Start of Supplied material
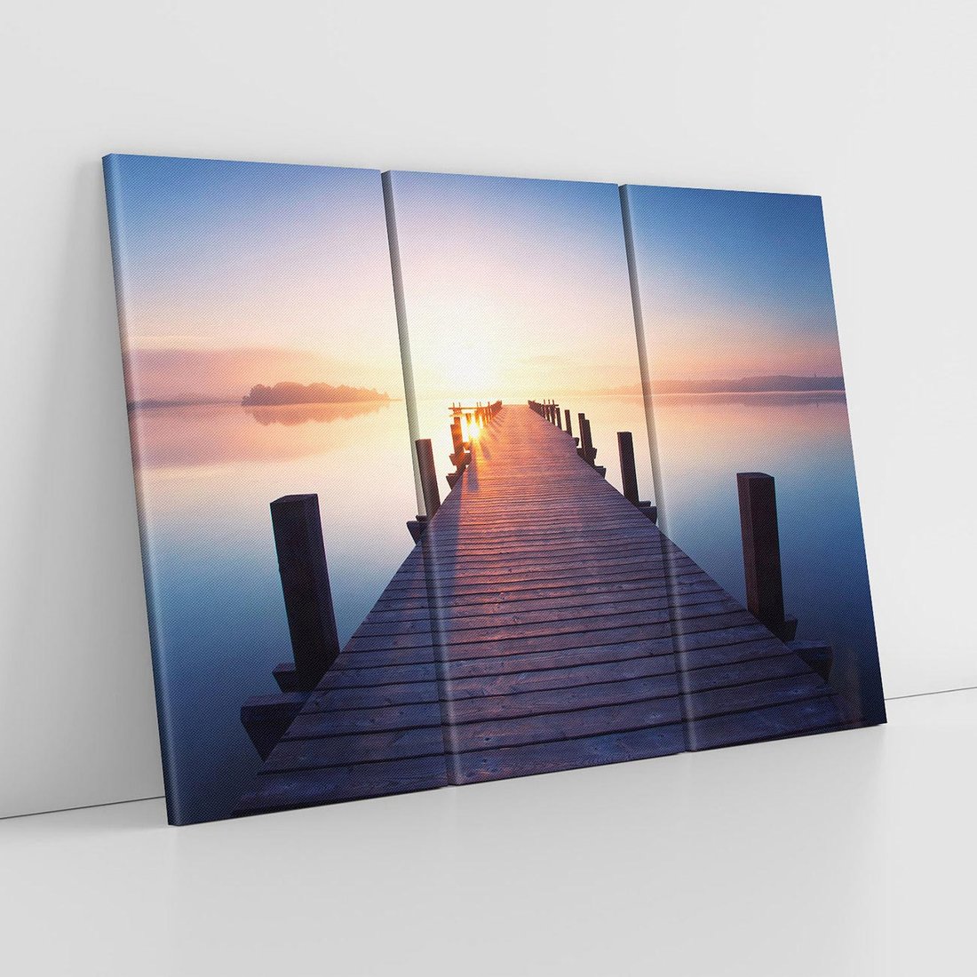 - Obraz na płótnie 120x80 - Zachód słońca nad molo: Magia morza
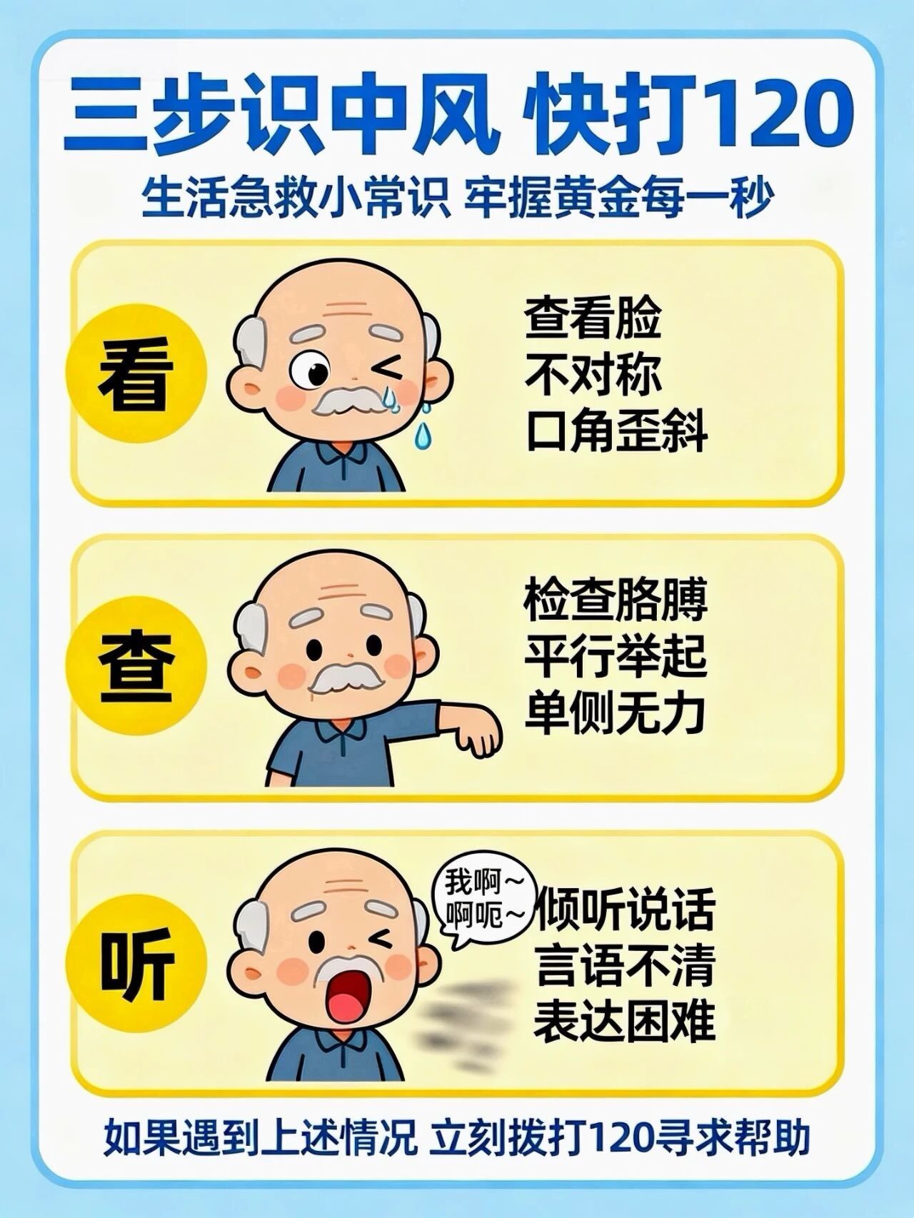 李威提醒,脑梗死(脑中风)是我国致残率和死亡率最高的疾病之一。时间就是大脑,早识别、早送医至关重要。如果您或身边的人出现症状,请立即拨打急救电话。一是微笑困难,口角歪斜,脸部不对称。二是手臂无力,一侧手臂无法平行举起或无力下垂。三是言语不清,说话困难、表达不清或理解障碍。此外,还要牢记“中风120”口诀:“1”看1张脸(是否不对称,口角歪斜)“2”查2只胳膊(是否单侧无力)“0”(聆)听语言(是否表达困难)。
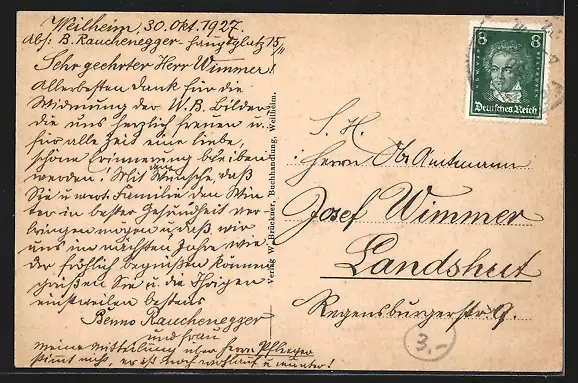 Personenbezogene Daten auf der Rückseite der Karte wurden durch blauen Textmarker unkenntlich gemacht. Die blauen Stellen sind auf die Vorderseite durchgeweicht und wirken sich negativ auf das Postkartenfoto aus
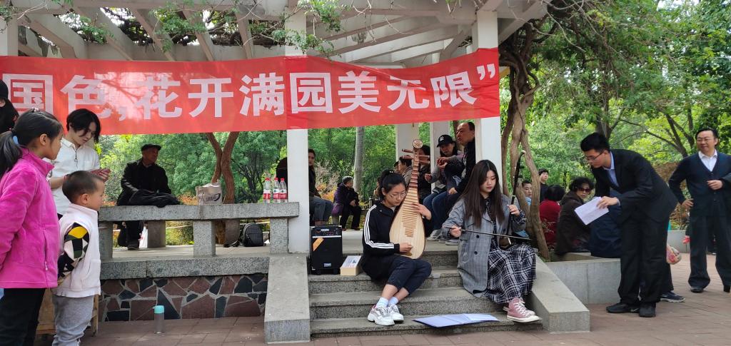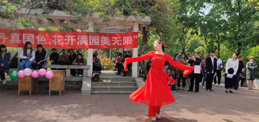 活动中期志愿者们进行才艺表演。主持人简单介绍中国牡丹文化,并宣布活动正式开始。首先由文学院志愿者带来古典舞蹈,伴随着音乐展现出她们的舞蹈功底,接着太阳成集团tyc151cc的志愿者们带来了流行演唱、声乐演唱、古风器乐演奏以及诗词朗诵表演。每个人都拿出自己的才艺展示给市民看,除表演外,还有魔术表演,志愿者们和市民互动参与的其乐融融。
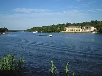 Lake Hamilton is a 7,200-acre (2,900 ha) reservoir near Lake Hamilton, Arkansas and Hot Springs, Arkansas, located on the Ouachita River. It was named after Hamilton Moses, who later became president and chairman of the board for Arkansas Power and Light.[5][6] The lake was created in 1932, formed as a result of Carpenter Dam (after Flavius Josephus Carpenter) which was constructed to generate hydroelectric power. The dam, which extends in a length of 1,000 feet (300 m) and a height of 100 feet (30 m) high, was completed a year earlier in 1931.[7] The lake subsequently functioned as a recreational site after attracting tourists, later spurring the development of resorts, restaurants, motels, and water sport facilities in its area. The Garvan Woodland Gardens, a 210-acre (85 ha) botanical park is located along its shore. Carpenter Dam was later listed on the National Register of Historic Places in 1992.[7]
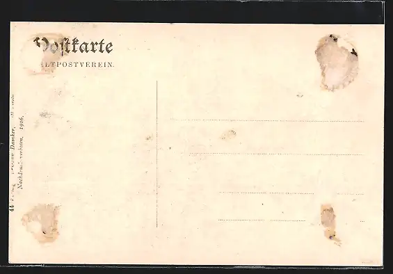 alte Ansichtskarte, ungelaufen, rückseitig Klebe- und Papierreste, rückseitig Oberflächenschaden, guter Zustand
End of Supplied material
The answer must repeat every record exactly, with all pictures left out.

* [The completed task]:
 - Obraz na płótnie 120x80 - Zachód słońca nad molo: Magia morza
 李威提醒,脑梗死(脑中风)是我国致残率和死亡率最高的疾病之一。时间就是大脑,早识别、早送医至关重要。如果您或身边的人出现症状,请立即拨打急救电话。一是微笑困难,口角歪斜,脸部不对称。二是手臂无力,一侧手臂无法平行举起或无力下垂。三是言语不清,说话困难、表达不清或理解障碍。此外,还要牢记“中风120”口诀:“1”看1张脸(是否不对称,口角歪斜)“2”查2只胳膊(是否单侧无力)“0”(聆)听语言(是否表达困难)。
 Personenbezogene Daten auf der Rückseite der Karte wurden durch blauen Textmarker unkenntlich gemacht. Die blauen Stellen sind auf die Vorderseite durchgeweicht und wirken sich negativ auf das Postkartenfoto aus
 活动中期志愿者们进行才艺表演。主持人简单介绍中国牡丹文化,并宣布活动正式开始。首先由文学院志愿者带来古典舞蹈,伴随着音乐展现出她们的舞蹈功底,接着太阳成集团tyc151cc的志愿者们带来了流行演唱、声乐演唱、古风器乐演奏以及诗词朗诵表演。每个人都拿出自己的才艺展示给市民看,除表演外,还有魔术表演,志愿者们和市民互动参与的其乐融融。
 Lake Hamilton is a 7,200-acre (2,900 ha) reservoir near Lake Hamilton, Arkansas and Hot Springs, Arkansas, located on the Ouachita River. It was named after Hamilton Moses, who later became president and chairman of the board for Arkansas Power and Light.[5][6] The lake was created in 1932, formed as a result of Carpenter Dam (after Flavius Josephus Carpenter) which was constructed to generate hydroelectric power. The dam, which extends in a length of 1,000 feet (300 m) and a height of 100 feet (30 m) high, was completed a year earlier in 1931.[7] The lake subsequently functioned as a recreational site after attracting tourists, later spurring the development of resorts, restaurants, motels, and water sport facilities in its area. The Garvan Woodland Gardens, a 210-acre (85 ha) botanical park is located along its shore. Carpenter Dam was later listed on the National Register of Historic Places in 1992.[7]
 alte Ansichtskarte, ungelaufen, rückseitig Klebe- und Papierreste, rückseitig Oberflächenschaden, guter Zustand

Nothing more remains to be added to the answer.